Hi there. My name is Nic and my mother very sadly died on Friday on July 12th.
As a Child (1970's) I would regularly sit on her knee in the morning before school and listen to a spoken prayer on radio 2, I think. It was a man's voice and the prayer was always set to the same music which, I think, was played on guitar.

I am desperate to find the name of this music, and or the prayer if the two were one and the same, so my family can play it at her funeral. 

If anybody can help me with this quest I would be eternally grateful as I am out of ideas with searches on the likes of google and youtube.

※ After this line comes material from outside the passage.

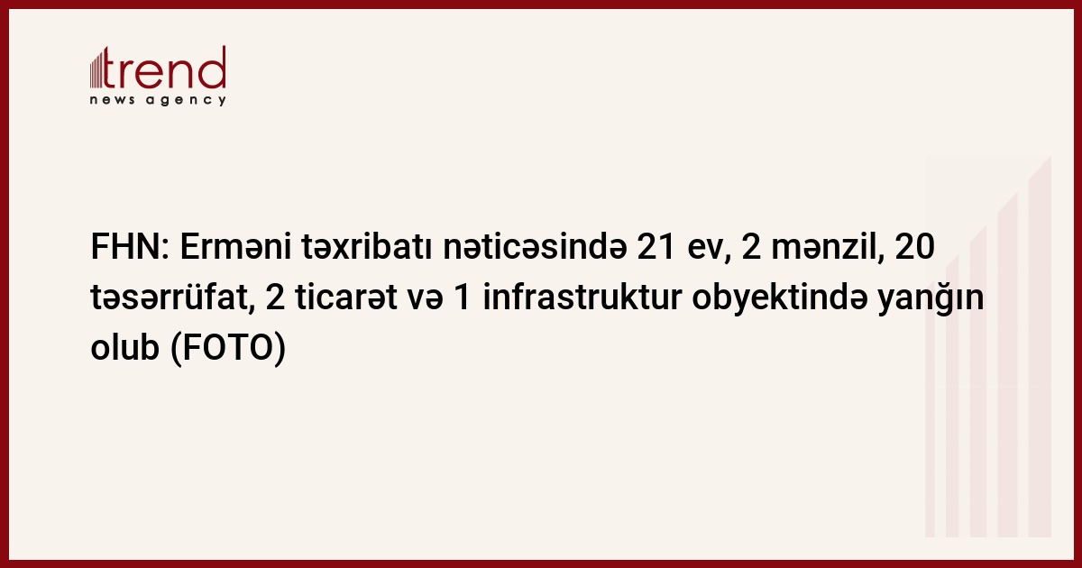 Fövqəladə Hallar Nazirliyindən Trend-ə bildirilib ki, ümumilikdə, qeyd edilən dövrdə 21 fərdi yaşayış evi, 2 mənzil, 20 təsərrüfat, 2 ticarət və 1 infrastruktur obyektində, habelə, qəbiristanlıq, qamışlıq, açıq sahə və Ağgöl Milli Parkı kimi ərazilərdə baş vermiş 10 yanğın hadisəsinin qarşısının alınması məqsədilə Fövqəladə Hallar Nazirliyinin müvafiq qüvvələri səfərbər edilib. Qeyd edilməlidir ki, bir sıra hallarda yanğın baş vermiş ərazi düşmən tərəfindən intensiv atəş altında saxlanıldığından yanğınsöndürmə qüvvələrinin hadisələrə operativ müdaxiləsi mümkün olmayıb.

I very much hope to hear from anybody and everybody.

The Very Best of Regards, 

Nic W.


----------



## Adeodatus100 (May 27, 2013)

Hi Nic - and first of all, condolences.

I'm pretty sure at the moment, there are only three (vaguely) religious items on BBC national radio in the mornings - Radio 4's Prayer for the Day at about 5.45a.m.; Radio 4's Thought for the Day at about 7.45a.m.; and Radio 2's Pause for Thought. I don't think any of these fit your memories, and I can't remember the programmes ever being much different from what they are now. I've had a look on google and youtube, too, and nothing obvious is coming up. Are you sure it was national, not regional, radio?

Sorry not to be more helpful.


----------